Now, the fact is that production LPs don't sound as good as the test pressings, which is why I asked my original question -- what makes the production LPs generally noisier and less punchy? I'm assuming that the plants pulled out the "maker's mark compound" biscuits for the test pressing and that production itself wore down the stampers and mothers, and perhaps the simple act of being quickly sleeved effects production vinyl.

Back in ye olde days, a test LP would arrive as a white-label affair, identifiable only by the cutting marks, in a rice-paper-like sleeve in a paper envelope. There was a separate test press for each side of a production LP. The general way things worked at Mercury, a clerical person would pencil in the catalog number on the white label and distribute copies, including one for the files. When the QC listening was done, it was done with a stop-watch so that times could be known for problem, which were noted. Visual inspection was also done and vinyl "zits" or clearly-visible groove problems were measured from edge and noted. The rejection rate was somewhere south of 10% most of the time.

The same care was taken with mono, because mono out-sold stereo even with classical music until the mid-60's when retailers stopped carrying both formats (see John Eargle's JAES article).
-------------------------------
Stereo/Mono Disc Compatibility: A Survey of the Problems
Volume 17 Number 3 pp. 276-281; June 1969


The record industry is now phasing out the mono disc, and the subject of compatibility has once again been raise as it was with the introduction of the stereo disc ten years ago.
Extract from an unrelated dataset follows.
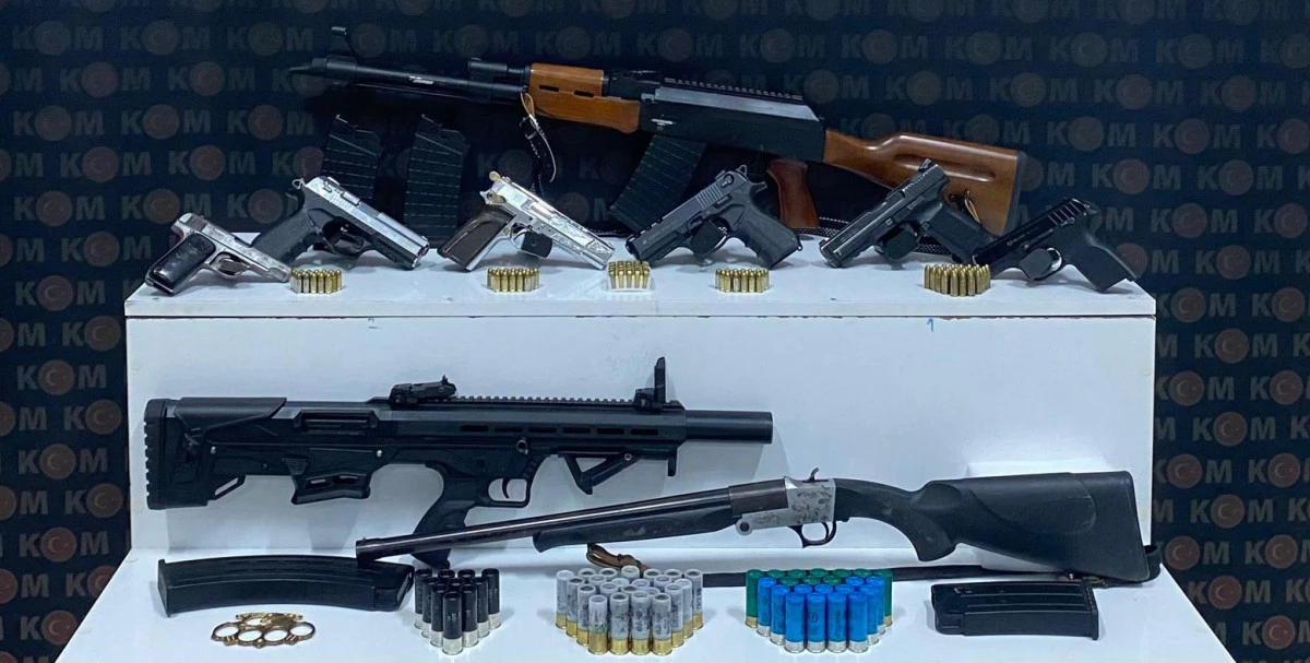 Toplam 33 ekip ve 90 personelin katılımıyla gerçekleştirilen operasyonda, 5 ikamet ve 1 iş yerinde detaylı arama yapıldı. Yapılan aramalarda; 4 ruhsatsız tabanca, 3 ruhsatsız pompalı/av tüfeği, 2 ruhsatsız havalı/kurusıkı tabanca, 1 muşta, 12 şarjör, 128 fişek ve 69 kartuş ele geçirildi.

Then, the problem centered largely around stylus-groove relationships and considerations of trackability; this time the problem is mainly concerned with the way a pair of stereo channels combine to yield a suitable mono channel.
Author: Eargle, J. M.
E-lib Location: (CD aes3) /jrnl6877/1969/6797.pdf
-------------------------------
available at www.aes.org


-- Tom Fine

----- Original Message ----- From: "phillip holmes" <insuranceman@xxxxxxxxxx>
To: <ARSCLIST@xxxxxxxxxxxxxxxx>
Sent: Tuesday, July 03, 2007 1:24 AM
Subject: Re: [ARSCLIST] LP pressing question



I've been told by collectors and people that were in the business, that test pressings were pressed in very low numbers, IE, 100-200 copies for the musicians, A&R people, producer, big wigs, and the like. Every test pressing I've seen had a plain white label with just the bare basics typed or handwritten, and I only have 2 major label test pressings and 3-4 "audiophile" test pressings. The jacket had a pasted on (typed or handwritten) note with just the basics--tracks and artist stuff. If anyone wants a picture, I'll send one. But it's impossible to confuse a white label promo with a test pressing. Obviously, the idea of the test pressing is to give fair warning about what's going to be on the record. It supposedly gave the musicians the opportunity to sign off on the final product, but this really was a micromanagement tool for the front office types. I can imagine some imbecile in management spitting his coffee all over the board room table while listening to Black Sabbath for the first time. "Fairies wear boots? What the hell is this crap? Who signed these bozos? I need to fire the A&R department".
Phillip





Roger

Tom Fine <tflists@xxxxxxxxxxxxxxxxxxx> wrote: Why do most test pressings that I've heard sound better than a bought-in-store version of the LP? Did the plants do something special for the test pressing or use a "brewer's choice" biscuit compound or is it more a random chance of having a further-down-the-production-run copy in a store and thus worn stampers? Where I've been able to compare a master laquer to a test pressing to a bought-in-store version of the same cut/matrix/whatever, the test pressing usually sounds pretty darn close to the first cut but the production disk sounds inferior, usually lower s/n ratio and noisier surface. This was less true in the one case I've been able to compare all 3 for a modern LP reissue and I assume it's because a modern reissue that appears at retail will be pressed with more care on better vinyl and fewer copies will be made per stamper, but I might be wrong on that.

In some older examples, late 50's and early 60's, the retail version vinyl seems to definitely be a different compound from the test pressing, which more resembles modern, "softer" quieter-playing compounds.